REVIEW OF BOOKS
Spring books
John Hunt on the human face of a 'man of action'
The autobiographies of most explorers, unlike those of great men whose progress towards fame is a more pedestrian one, may be seen as a succession of peaks of achievement; each summit adds its lustre to the flame; each is marketable on its own merits. So it is with Hillary's latest book, for several of his expeditions have been recounted in his earlier writings and are here brought together under one cover, with a good deal of new material. Nothing Venture, Nothing Win* brings up to date — I would hesitate to suggest that it rounds off — the remarkable record of this man of action.
For someone who has not read those other books, here are adventures galore, told with an understatement which serves to enhance the excitement; they are guaranteed to keep any vicarious explorer riveted to his armchair for several evenings. Those who have already followed Hillary's exploits may find, as I have, that something of the early spontaneity has been lost in the re-telling. Time blurs the emotions, though not the memory of events, and the need to compress the story has also tended to reduce the tensions and dim the glow of our relationships on Everest. As one who shared his greatest triumph with him, I found the use of an intermittent diary record of that event less evocative, less revealing of himself and his companions than the fresh and vivid writing in his first book High Adventure. Anoxia is unconducive to a flowing pen.

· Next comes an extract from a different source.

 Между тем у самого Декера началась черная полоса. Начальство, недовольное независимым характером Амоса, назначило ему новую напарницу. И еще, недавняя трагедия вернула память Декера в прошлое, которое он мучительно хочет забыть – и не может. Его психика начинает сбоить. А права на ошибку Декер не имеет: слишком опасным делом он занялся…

But there was much else to command my rapt attention. The scene is an ever changing one and I, having developed an allergy for stories of great deeds upon the mountains, was especially gripped by Hillary's hair-raising escapades on the water, an element which I hold in fear but in which he appears to revel. There was a war-time escape involving a long swim ashore, badly scorched, from a blazing speedboat off the Solomon Islands; a near-disaster when a raft disintegrated in a Fijian river in full spate; and for those who have witnessed the awesome power of a great Himalayan river, there was the well-nigh incredible feat of climbing the countless rapids of the Sun Kosi over a distance of five hundred miles, in a jet boat.

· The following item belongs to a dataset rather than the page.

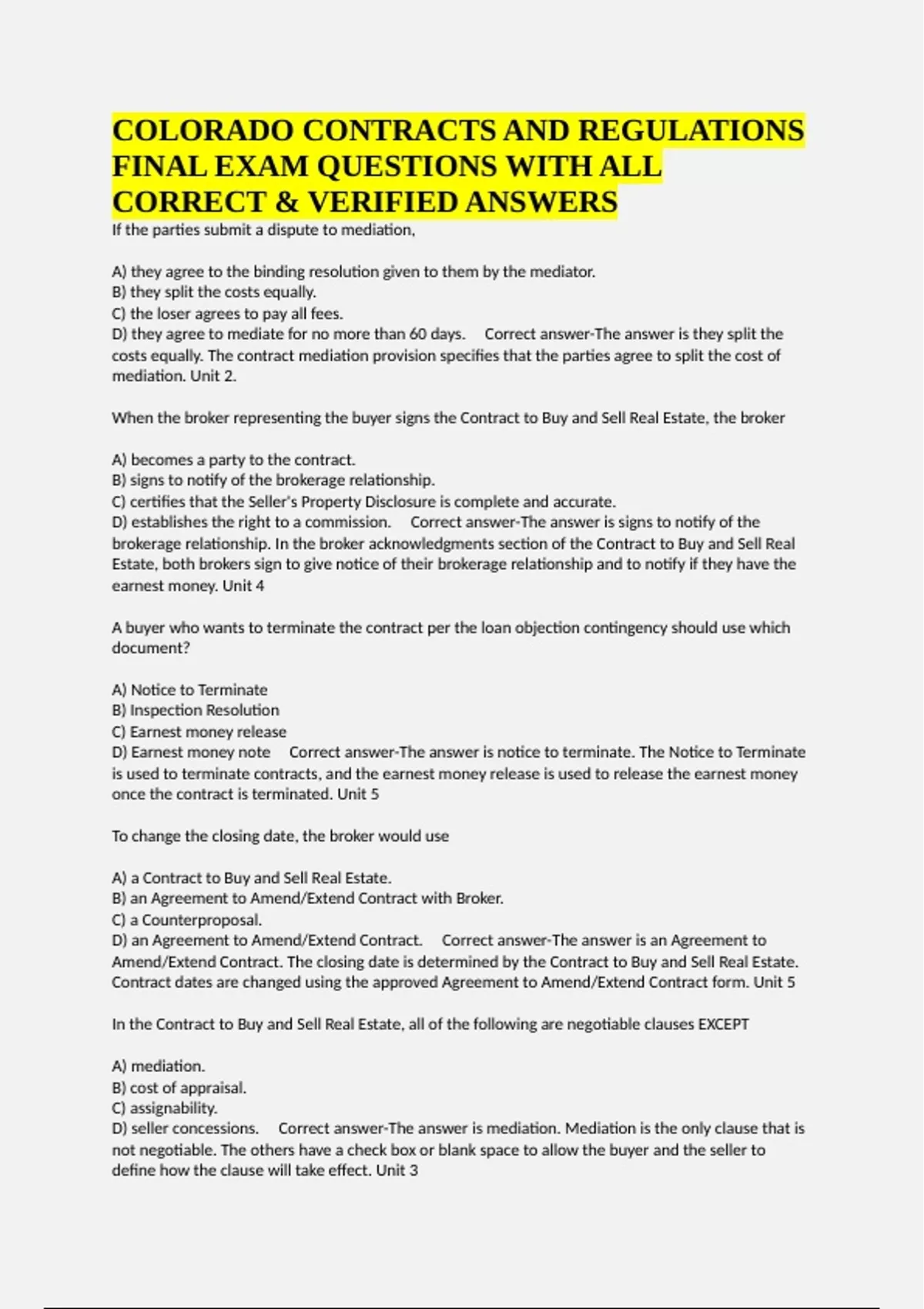 COLORADO CONTRACTS AND REGULATIONS FINAL EXAM QUESTIONS WITH ALL CORRECT & VERIFIED ANSWERS

For me, the best chapters are those devoted to Hillary's polar travels; especially his account of his difficult and controversial part in the Commonwealth Trans-Antarctic Expedition of 1957-58. The chapters 'Southern Continent,' 'Winter on the Ice' and 'Race for the Pole' hold the reader's attention, not only on account of the hazards and hardships of polar travel, though even in these days of aircraft and 'snow cats' these can be considerable — a tractor up-ended in the jaws of a huge and hungry crevasse makes the blood run cold in a well-heated room. There is something evoca tive, even in 1958, of Ponting's The Great White South, which stirred my childhood memories of Scott's heroic tragedy as Hillary's party repeated Wilson's winter journey to Cape Crozier, and later fought their mechanised way up the grim glaciers to the polar plateau.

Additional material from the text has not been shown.